WHAT YOU NEED TO DO —
Pictures must not appear in the copy. Restate exactly the lines below from the one with "The Grand Bali" through the one with "IDAHO FALLS —", inclusive.

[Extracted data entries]
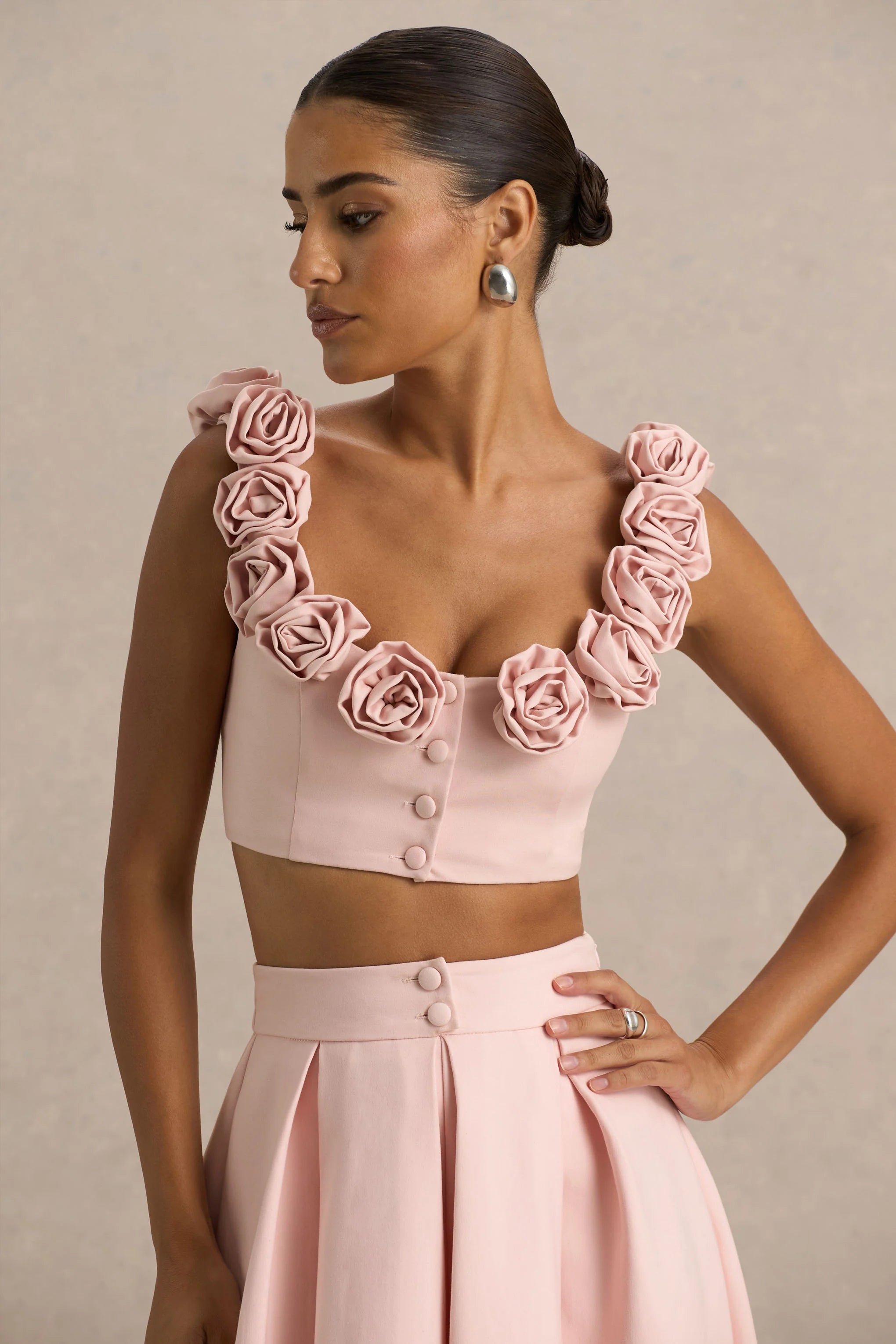 Designed to make a romantic statement, Blade has arrived. Crafted from our premium cotton modal in a dreamy baby pink hue, in this crop top you will be exude elegance into any room. The scoop neckline is complimented by delicate corsage detailing, that also covers through the straps, giving this piece a chic and feminine edge. The self-covered buttons add a tailored finish to Blade, ensuring you're flattered from all angles. From ladies brunches to evening cocktails, Blade will be your go-to all season long.
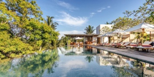 The Grand Bali расположен на курорте Нуса Дуа, неподалеку от отеля расположены многочисленные кафе и рестораны. У отеля есть собственный пляжный клуб, трансфер до него предоставляется бесплатно. На территории отеля открытый бассейн, спа-центр, тренажёрный зал, конференц-залы, ресторан и 3 бара.
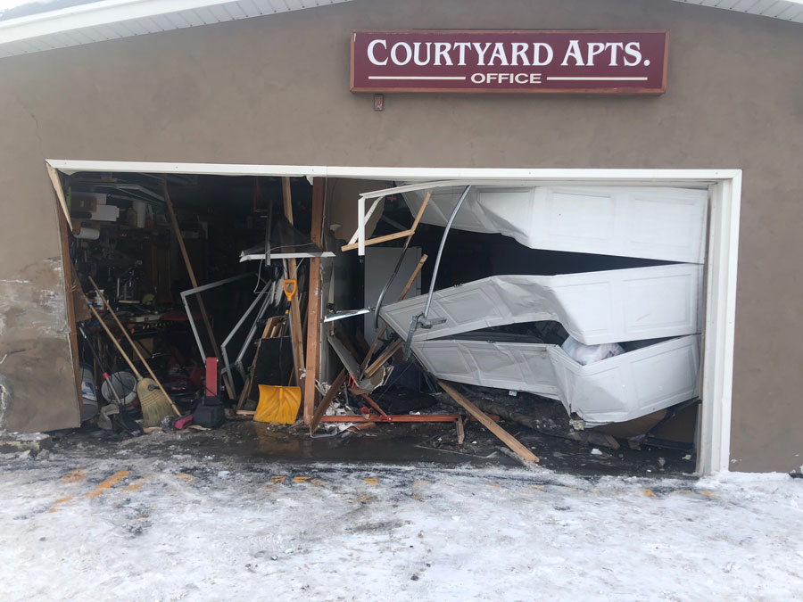 IDAHO FALLS — A man in a pickup truck crashed into Courtyard Apartments’ garage and office area, taking down part of a fence along the way Monday.
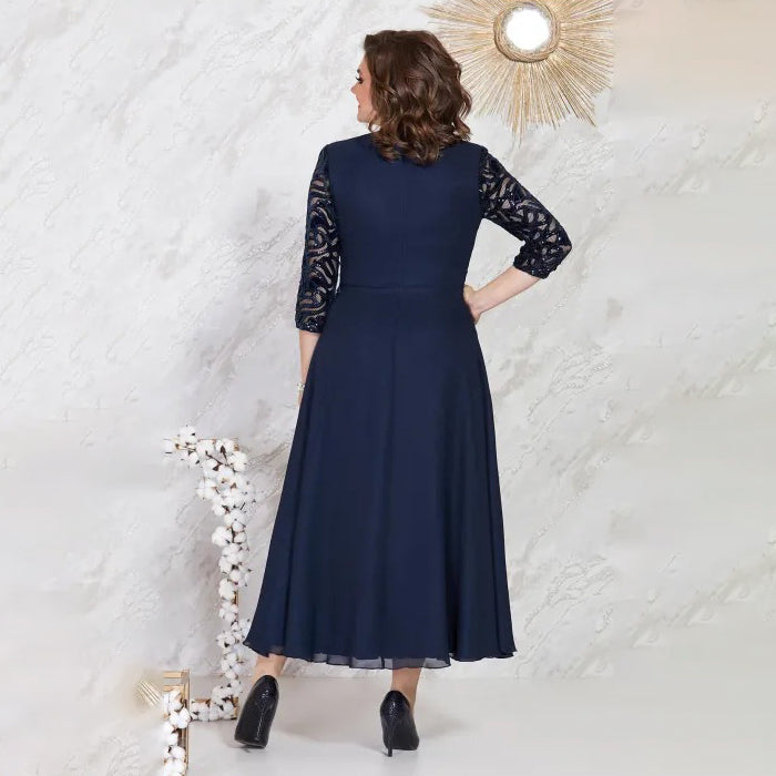 【Tkanina】 ---- Haftowana kwiecista koronka dodaje tej sukience odrobinę słodyczy. Ta damska sukienka midi ma dopasowany krój i elegancką sylwetkę.
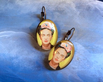 Frida Kahlo Dangle Earrings Frida Lahlo Jewelry Frida with Flowers Perfect for Spring Gift for Art Lover Gift for Art Teacher
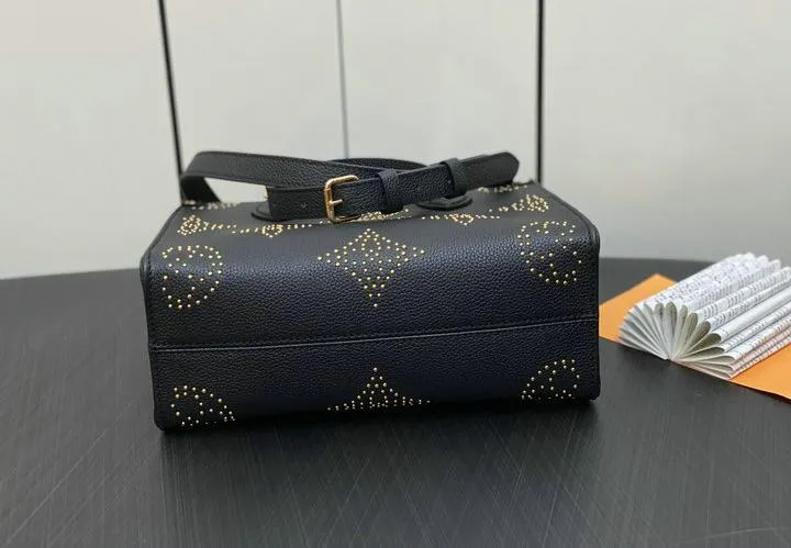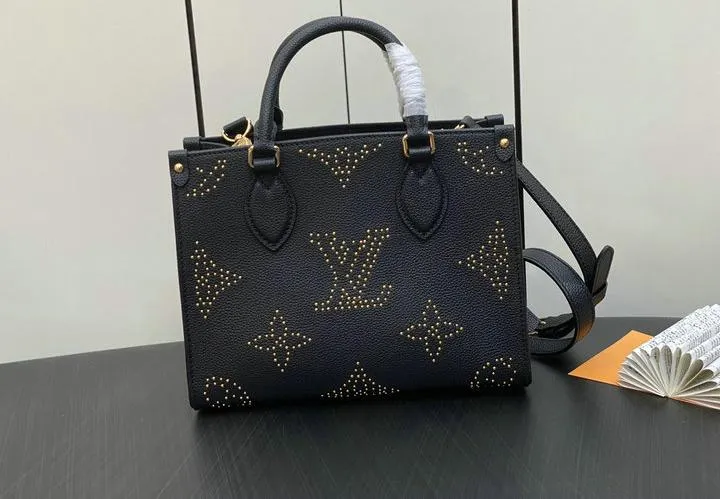 The replica tote measures approximately 25 x 19 x 11.5 cm, faithfully reflecting the official size of the Louis Vuitton OnTheGo PM. This compact yet spacious design sits comfortably on the arm or can be carried by hand, making it versatile for both daily errands and special occasions without compromising on style or practicality.

YOUR RESPONSE —
 The Grand Bali расположен на курорте Нуса Дуа, неподалеку от отеля расположены многочисленные кафе и рестораны. У отеля есть собственный пляжный клуб, трансфер до него предоставляется бесплатно. На территории отеля открытый бассейн, спа-центр, тренажёрный зал, конференц-залы, ресторан и 3 бара.
 IDAHO FALLS — A man in a pickup truck crashed into Courtyard Apartments’ garage and office area, taking down part of a fence along the way Monday.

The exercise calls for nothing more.